▶ _YOUR INSTRUCTIONS_:
Leaving pictures aside, set down each line exactly, from the first line of the data to the line with "Last place team", both included.

▶ _INPUT DATA_:
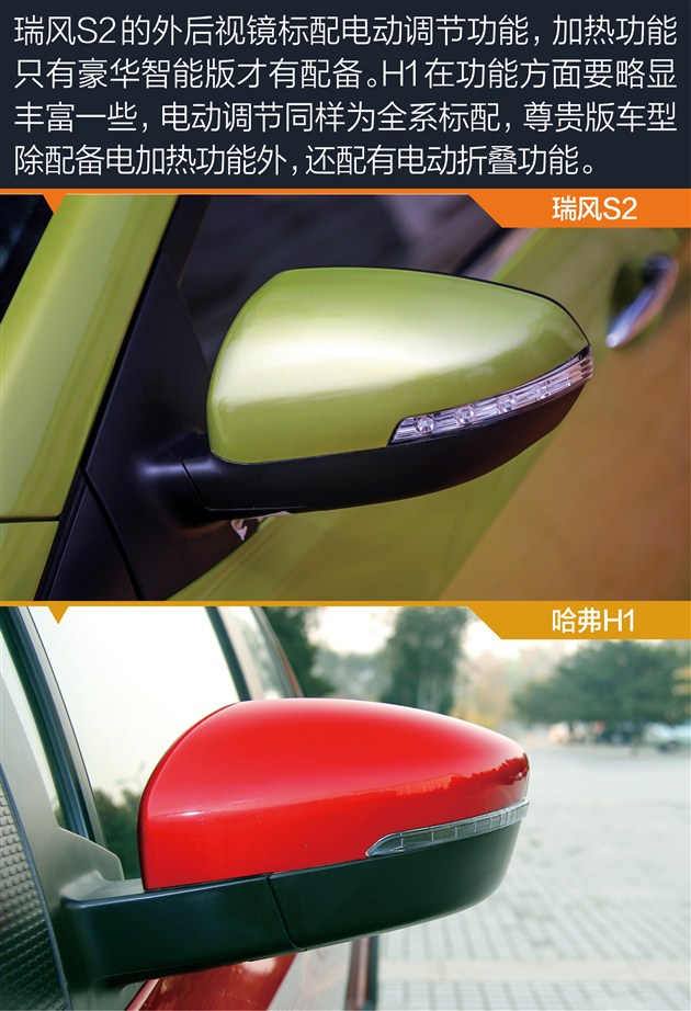 H1因全系标配了前雾灯、日间行车灯、后驻车雷达(瑞风S2最低配的舒适版未配备),顶配车型多出了外后视镜电动折叠功能,在外部配置方面稍有优势。
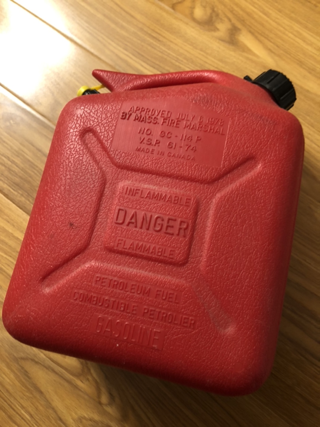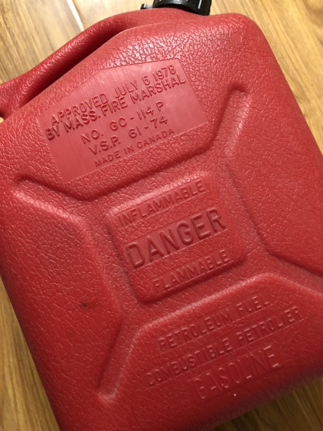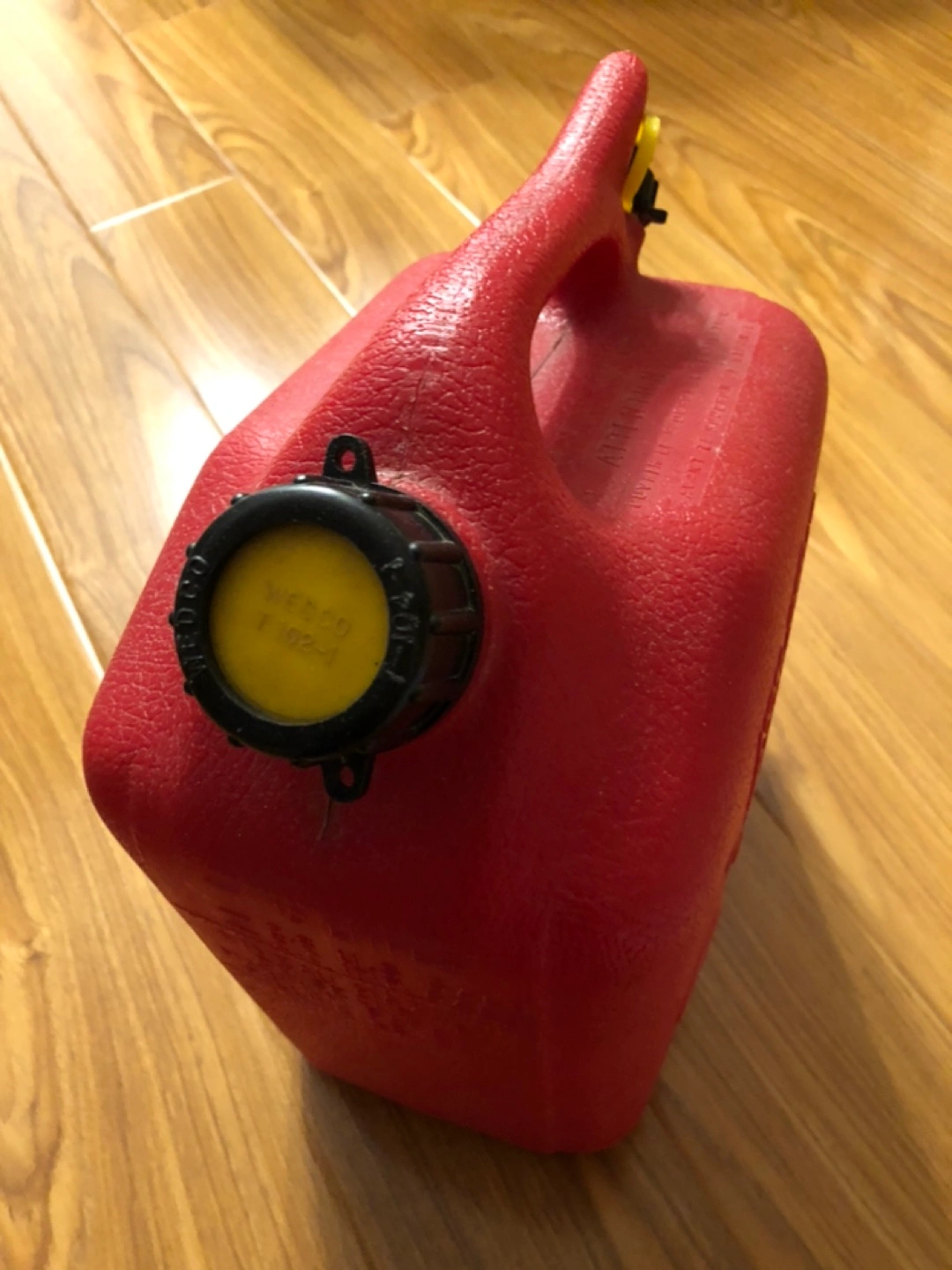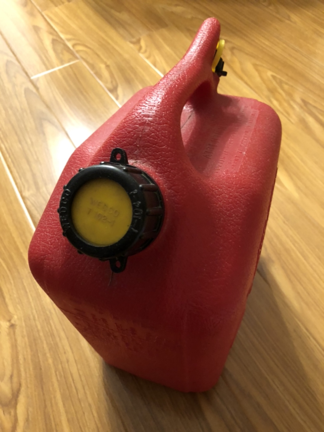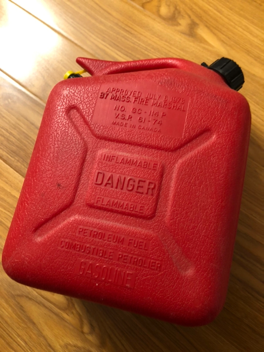Red plastic gasoline container. Holds 10 litres, 2.5 US gallons, or 2.0 imperial gallons. Made in Canada.
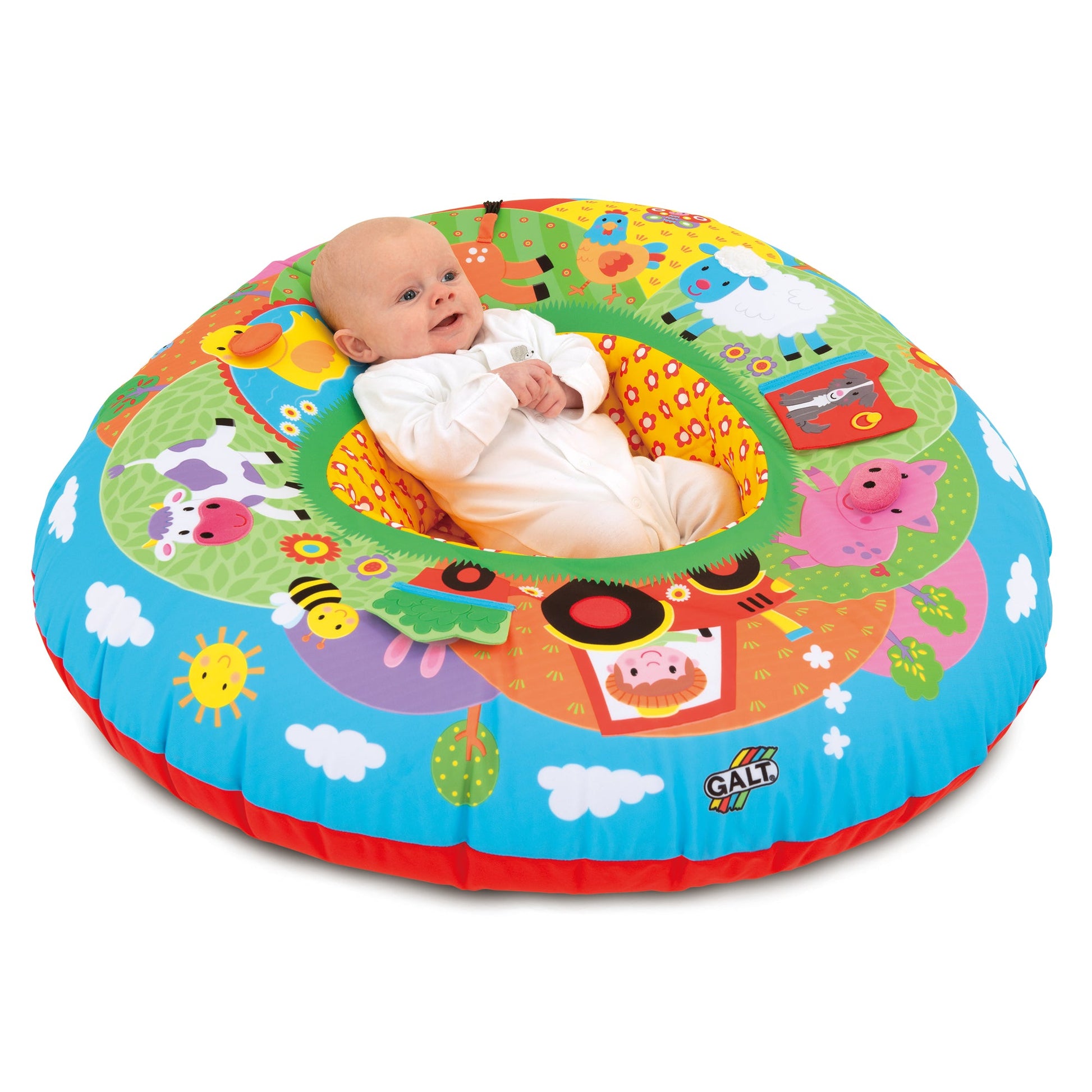 A soft multi-sensory environment with a fun farm scene around the Playnest® and the Gym as the sky above. Playnest® is a fabric covered inflatable ring that supports baby during play. There are textures and sounds to explore in the 4 Gym toys and the 8 activities around the Playnest® . Both hand/eye coordination and manipulative skills are encouraged and Playnest® & Gym will play an important role in baby's physical and play development. The Playnest®/Gym covers and soft toys are machine washable.
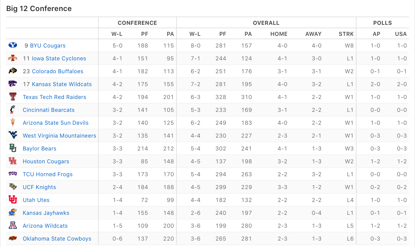 Last place team in the Big 12 beat the 7th place SEC team based on todayâs standings.
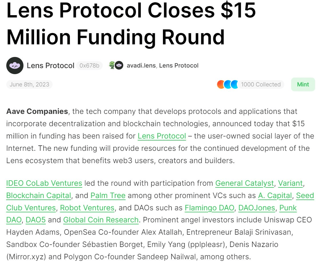 Lens é um gráfico social Web3 no Polygon. Eles estão construindo a tecnologia que alimenta a versão Web 3.0 das mídias sociais. Com o Lens, você pode realmente “possuir seus seguidores”, da mesma forma que você pode possuir “ativos no jogo” nos jogos da Web 3.0.
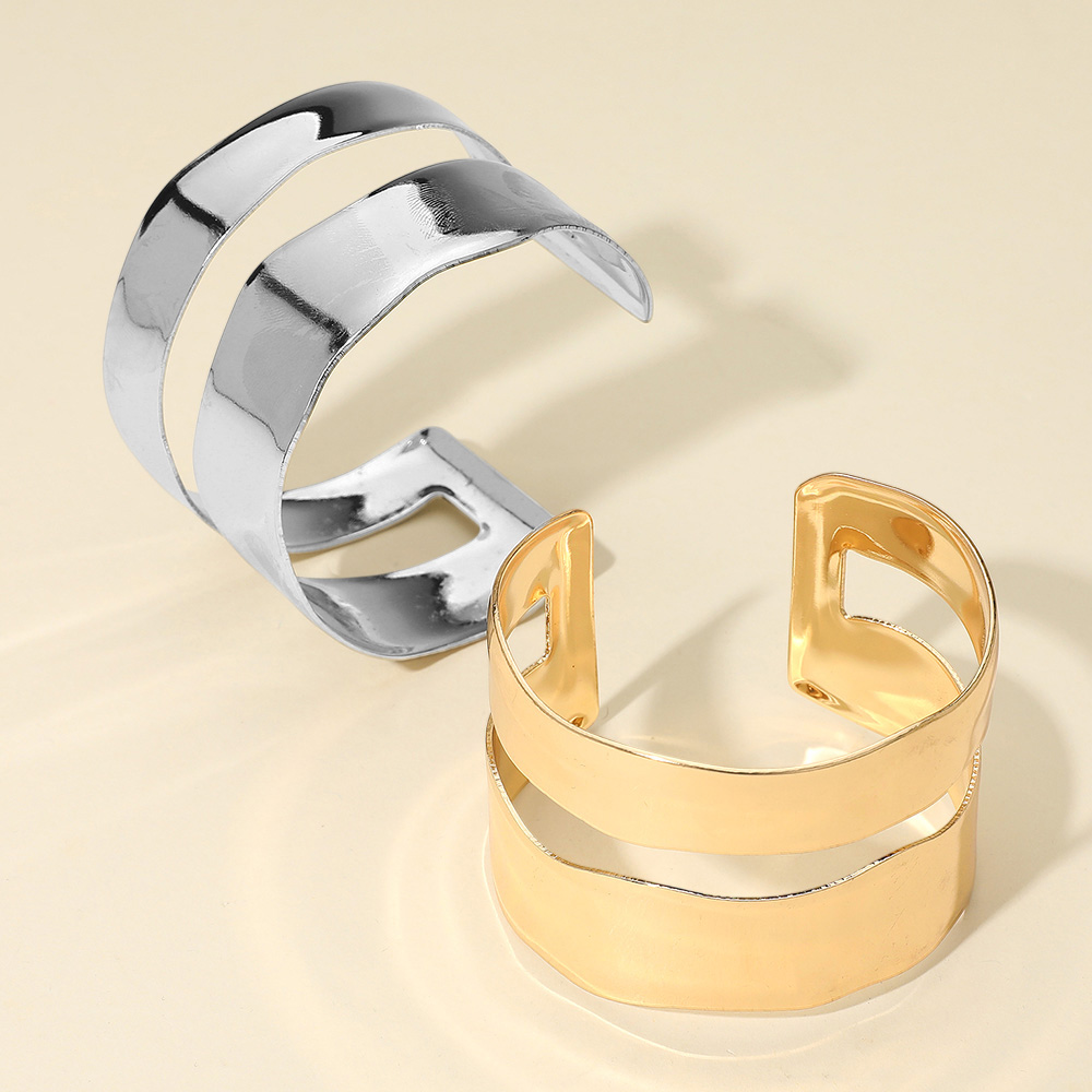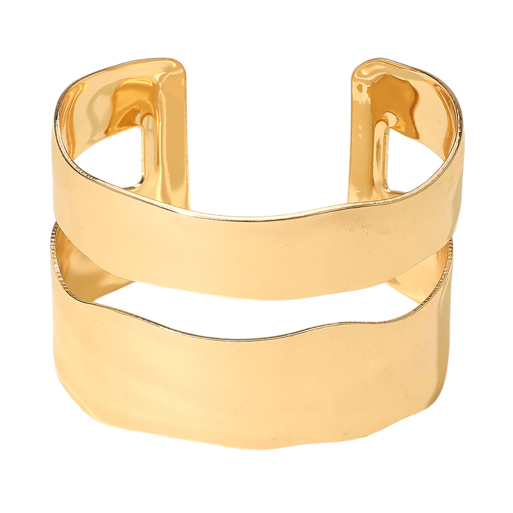 Details • Size : 1.7" H, 2.3" D • Cuff • Bold and contemporary, this wide cuff bracelet features a sleek open band design with smooth, flowing lines for a chic modern look. Perfect for dressing up casual outfits or adding a statement touch to evening wear, this stylish bracelet offers versatility and elegance in one accessory. • Lead and Nickel Compliant

▶ _WRITTEN RESPONSE_:
 H1因全系标配了前雾灯、日间行车灯、后驻车雷达(瑞风S2最低配的舒适版未配备),顶配车型多出了外后视镜电动折叠功能,在外部配置方面稍有优势。
Red plastic gasoline container. Holds 10 litres, 2.5 US gallons, or 2.0 imperial gallons. Made in Canada.
 A soft multi-sensory environment with a fun farm scene around the Playnest® and the Gym as the sky above. Playnest® is a fabric covered inflatable ring that supports baby during play. There are textures and sounds to explore in the 4 Gym toys and the 8 activities around the Playnest® . Both hand/eye coordination and manipulative skills are encouraged and Playnest® & Gym will play an important role in baby's physical and play development. The Playnest®/Gym covers and soft toys are machine washable.
 Last place team in the Big 12 beat the 7th place SEC team based on todayâs standings.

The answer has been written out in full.